INSTRUCTIONS TO FOLLOW: Everything in the records must be reproduced exactly, except for the pictures.

ENTRIES SUPPLIED:
========================

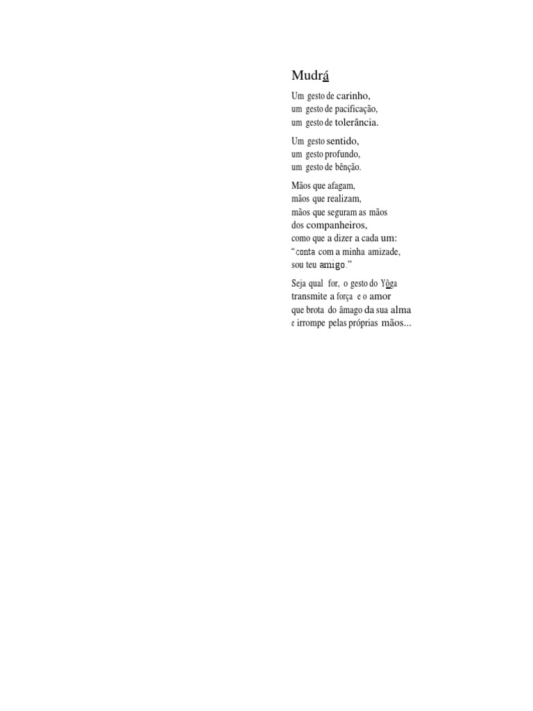 Mudrá é a linguagem gestual. Deve ser pronunciado sempre com a
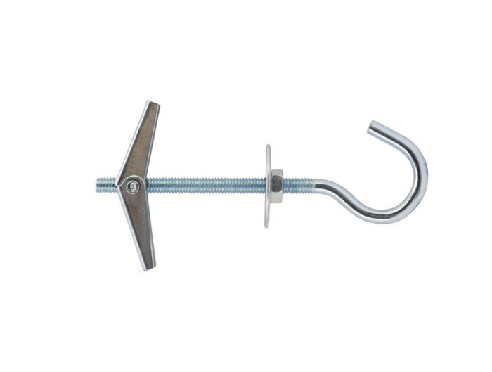 Складной пружинный дюбель с крюком предназначен для крепления в пустотелые материалы с размером полости достаточной для раскрытия дюбеля при монтаже (min глубина полости 35 мм) к гипсокартону (ГСК), ДСП или другим тонколистовым материалам
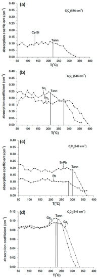 IR spectra of the Ge-8 sample (a), after irradiation at a fluence of 5 × 1017 cm−2, and the Cz-Si:Pb (b), Cz-Si:SnH (c), and Cz–Si:SnPb (d) samples, after irradiation at a fluence of 1 × 1018 cm−2, at characteristic temperatures of the isochronal anneal sequence. Reproduced with permission from [,]. American Institute of Physics.
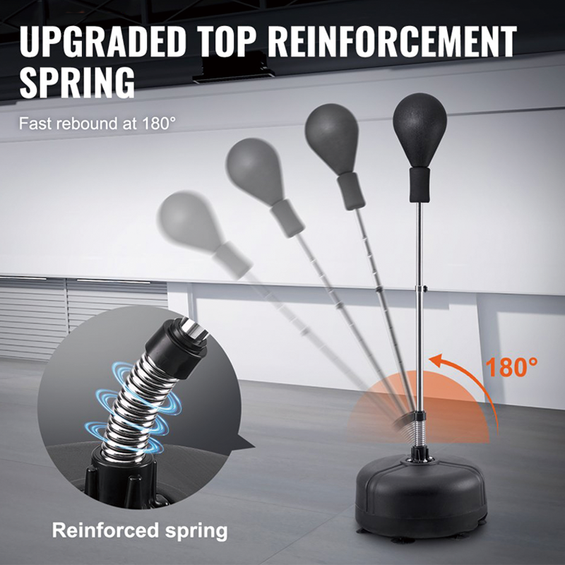 SPRINGS BACK IN PLACE WITH EASE: Designed for optimal and safe use, our free standing boxing bag features a strong, durable spring at the base of the shaft. This allows the spring mounted punching bag to bounce back into position every time after every hit.
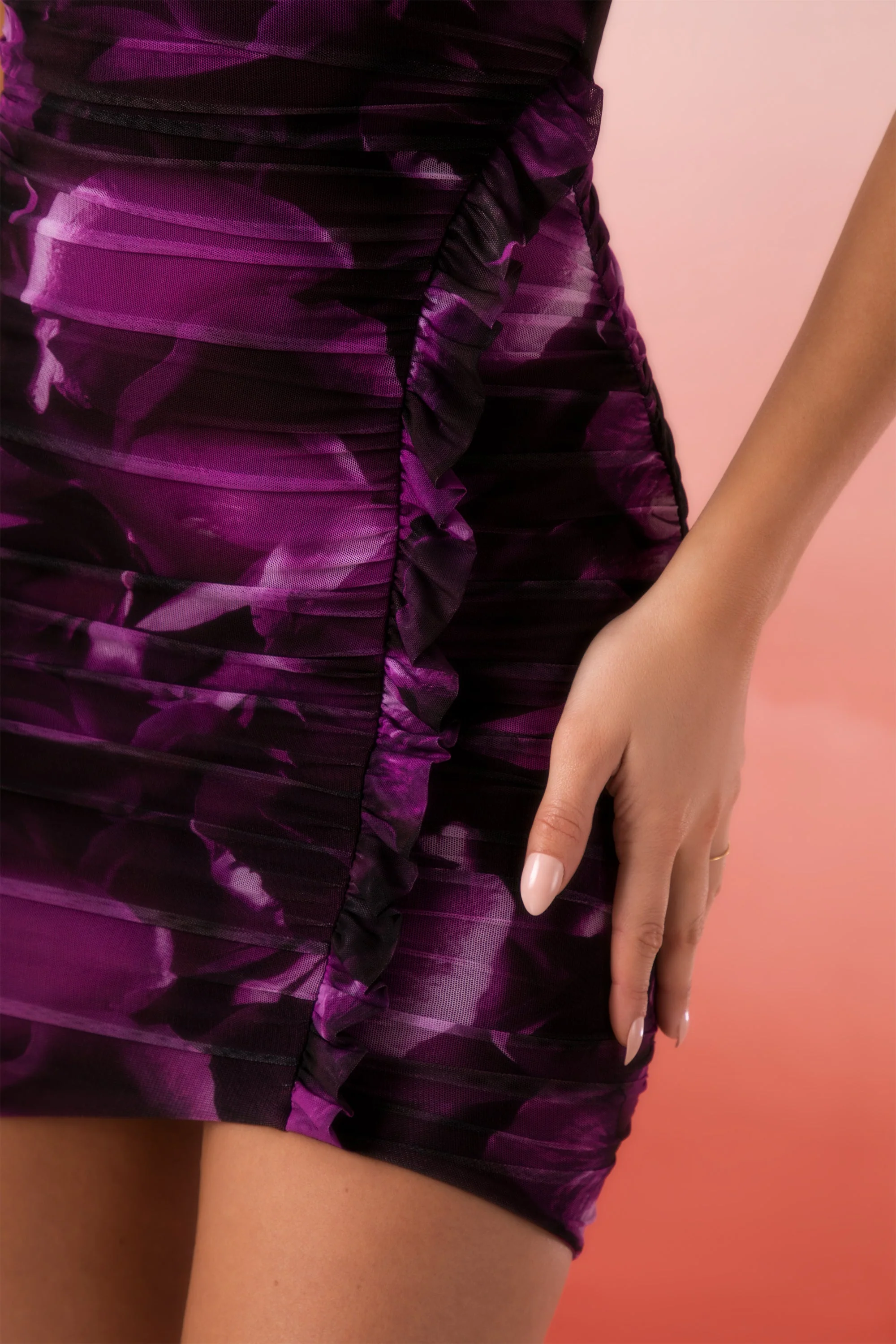 Long Sleeve Ruffle Detail Mini Dress in Multi Print

========================

ANSWER TO THE PROBLEM:
 Mudrá é a linguagem gestual. Deve ser pronunciado sempre com a
 Складной пружинный дюбель с крюком предназначен для крепления в пустотелые материалы с размером полости достаточной для раскрытия дюбеля при монтаже (min глубина полости 35 мм) к гипсокартону (ГСК), ДСП или другим тонколистовым материалам
 IR spectra of the Ge-8 sample (a), after irradiation at a fluence of 5 × 1017 cm−2, and the Cz-Si:Pb (b), Cz-Si:SnH (c), and Cz–Si:SnPb (d) samples, after irradiation at a fluence of 1 × 1018 cm−2, at characteristic temperatures of the isochronal anneal sequence. Reproduced with permission from [,]. American Institute of Physics.
 SPRINGS BACK IN PLACE WITH EASE: Designed for optimal and safe use, our free standing boxing bag features a strong, durable spring at the base of the shaft. This allows the spring mounted punching bag to bounce back into position every time after every hit.
 Long Sleeve Ruffle Detail Mini Dress in Multi Print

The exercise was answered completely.